**TASK BRIEF:**
Pictures in the material below are to be left out, and only the lines from the line with "Wir bieten Ihnen" up to and including the line with "南充市高坪區(qū)農民工返" are to be written out exactly.

**TASK INPUTS:**

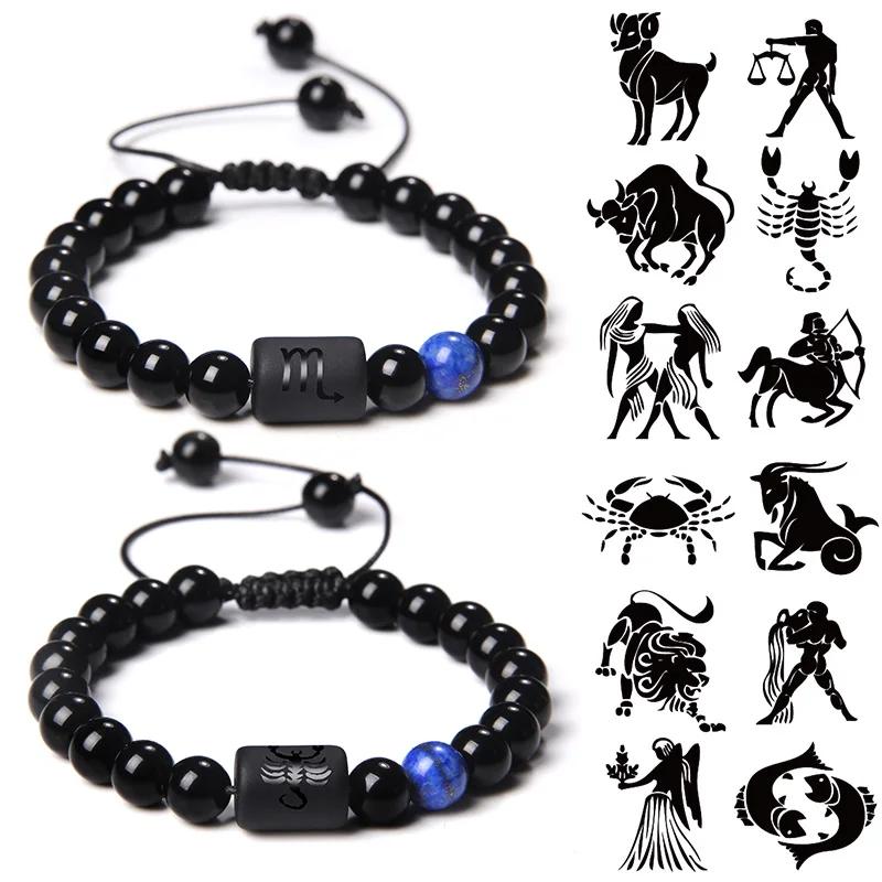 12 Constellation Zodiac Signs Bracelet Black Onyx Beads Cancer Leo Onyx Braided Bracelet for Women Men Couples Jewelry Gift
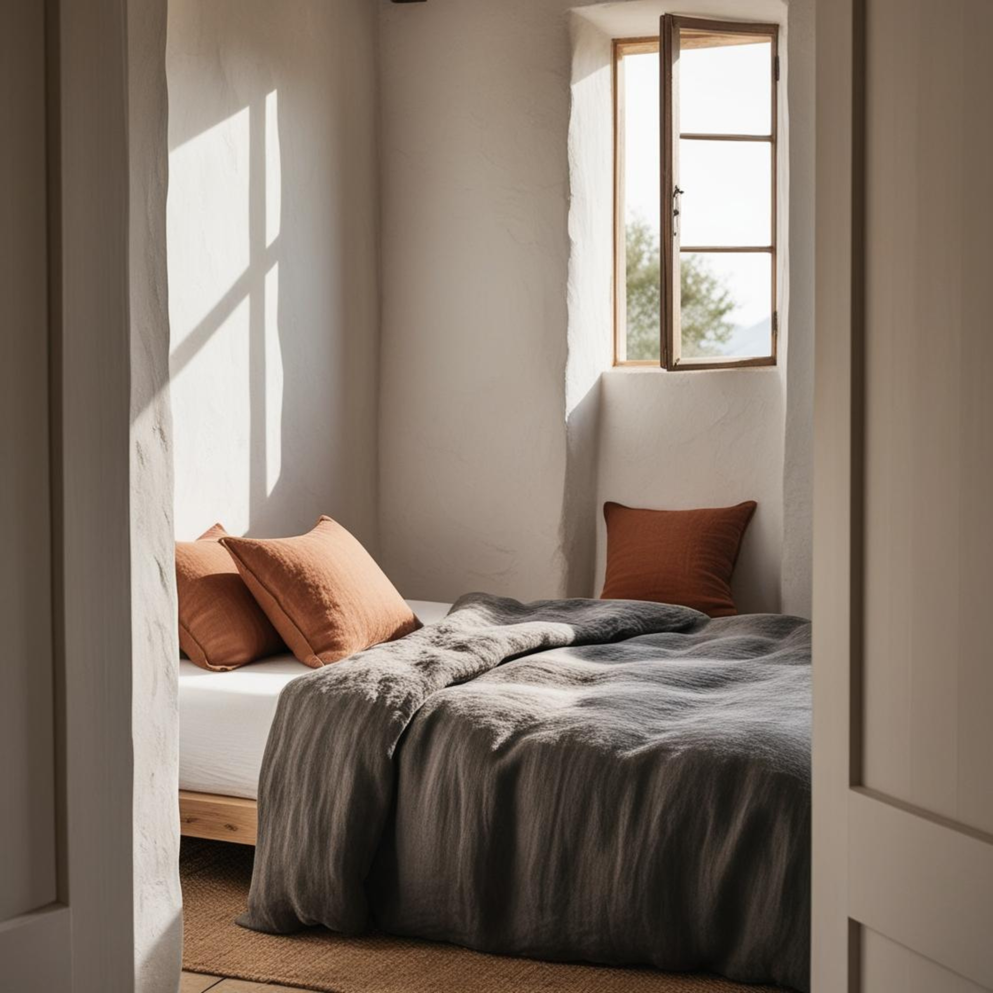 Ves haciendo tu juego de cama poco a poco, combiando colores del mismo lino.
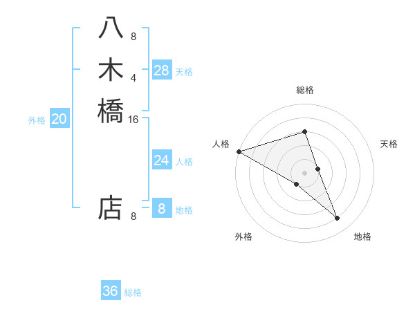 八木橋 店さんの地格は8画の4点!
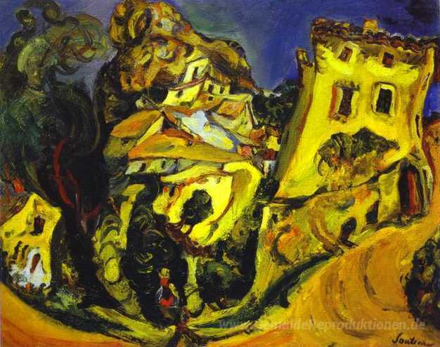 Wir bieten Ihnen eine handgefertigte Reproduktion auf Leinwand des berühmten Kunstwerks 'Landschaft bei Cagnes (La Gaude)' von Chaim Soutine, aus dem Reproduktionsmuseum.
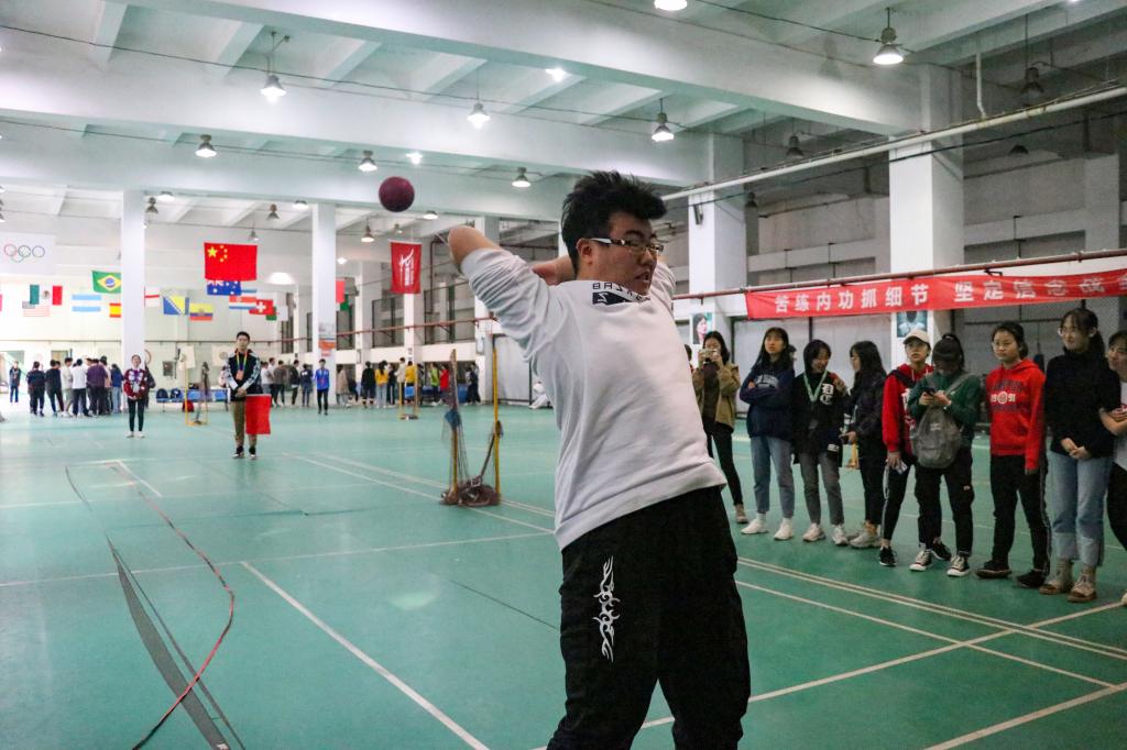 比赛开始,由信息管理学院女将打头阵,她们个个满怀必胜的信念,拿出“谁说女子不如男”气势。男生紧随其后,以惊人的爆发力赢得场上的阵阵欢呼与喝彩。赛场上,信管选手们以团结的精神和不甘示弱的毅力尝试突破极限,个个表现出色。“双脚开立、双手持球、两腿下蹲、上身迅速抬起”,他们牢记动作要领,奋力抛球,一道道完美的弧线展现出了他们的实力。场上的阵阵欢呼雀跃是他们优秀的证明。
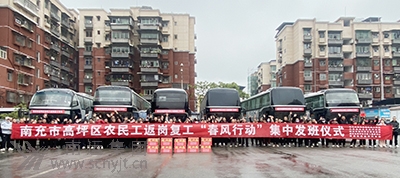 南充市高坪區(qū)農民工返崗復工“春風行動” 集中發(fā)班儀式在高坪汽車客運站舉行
---
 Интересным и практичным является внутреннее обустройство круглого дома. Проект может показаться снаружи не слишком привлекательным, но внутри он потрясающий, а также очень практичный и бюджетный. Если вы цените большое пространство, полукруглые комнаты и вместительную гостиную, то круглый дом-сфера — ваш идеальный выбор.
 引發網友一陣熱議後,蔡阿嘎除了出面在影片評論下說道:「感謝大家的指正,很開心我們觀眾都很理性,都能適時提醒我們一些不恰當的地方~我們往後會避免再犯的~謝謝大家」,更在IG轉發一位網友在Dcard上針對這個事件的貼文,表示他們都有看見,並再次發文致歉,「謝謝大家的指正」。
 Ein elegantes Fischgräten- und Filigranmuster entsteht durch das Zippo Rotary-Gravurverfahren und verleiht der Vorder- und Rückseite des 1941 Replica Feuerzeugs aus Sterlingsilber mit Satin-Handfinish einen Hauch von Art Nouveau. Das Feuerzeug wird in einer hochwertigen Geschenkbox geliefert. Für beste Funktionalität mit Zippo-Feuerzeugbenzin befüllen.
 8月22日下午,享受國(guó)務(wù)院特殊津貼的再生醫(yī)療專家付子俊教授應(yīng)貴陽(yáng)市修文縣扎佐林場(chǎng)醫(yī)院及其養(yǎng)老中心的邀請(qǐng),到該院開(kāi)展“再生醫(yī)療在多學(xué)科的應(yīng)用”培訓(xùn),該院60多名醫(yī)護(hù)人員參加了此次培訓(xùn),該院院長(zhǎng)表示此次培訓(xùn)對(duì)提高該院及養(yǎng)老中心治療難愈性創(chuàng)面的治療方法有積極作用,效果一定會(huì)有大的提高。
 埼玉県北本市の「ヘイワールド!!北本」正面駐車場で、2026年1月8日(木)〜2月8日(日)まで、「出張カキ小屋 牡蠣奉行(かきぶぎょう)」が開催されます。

**THE COMPLETED TASK:**
 Wir bieten Ihnen eine handgefertigte Reproduktion auf Leinwand des berühmten Kunstwerks 'Landschaft bei Cagnes (La Gaude)' von Chaim Soutine, aus dem Reproduktionsmuseum.
 比赛开始,由信息管理学院女将打头阵,她们个个满怀必胜的信念,拿出“谁说女子不如男”气势。男生紧随其后,以惊人的爆发力赢得场上的阵阵欢呼与喝彩。赛场上,信管选手们以团结的精神和不甘示弱的毅力尝试突破极限,个个表现出色。“双脚开立、双手持球、两腿下蹲、上身迅速抬起”,他们牢记动作要领,奋力抛球,一道道完美的弧线展现出了他们的实力。场上的阵阵欢呼雀跃是他们优秀的证明。
 南充市高坪區(qū)農民工返崗復工“春風行動” 集中發(fā)班儀式在高坪汽車客運站舉行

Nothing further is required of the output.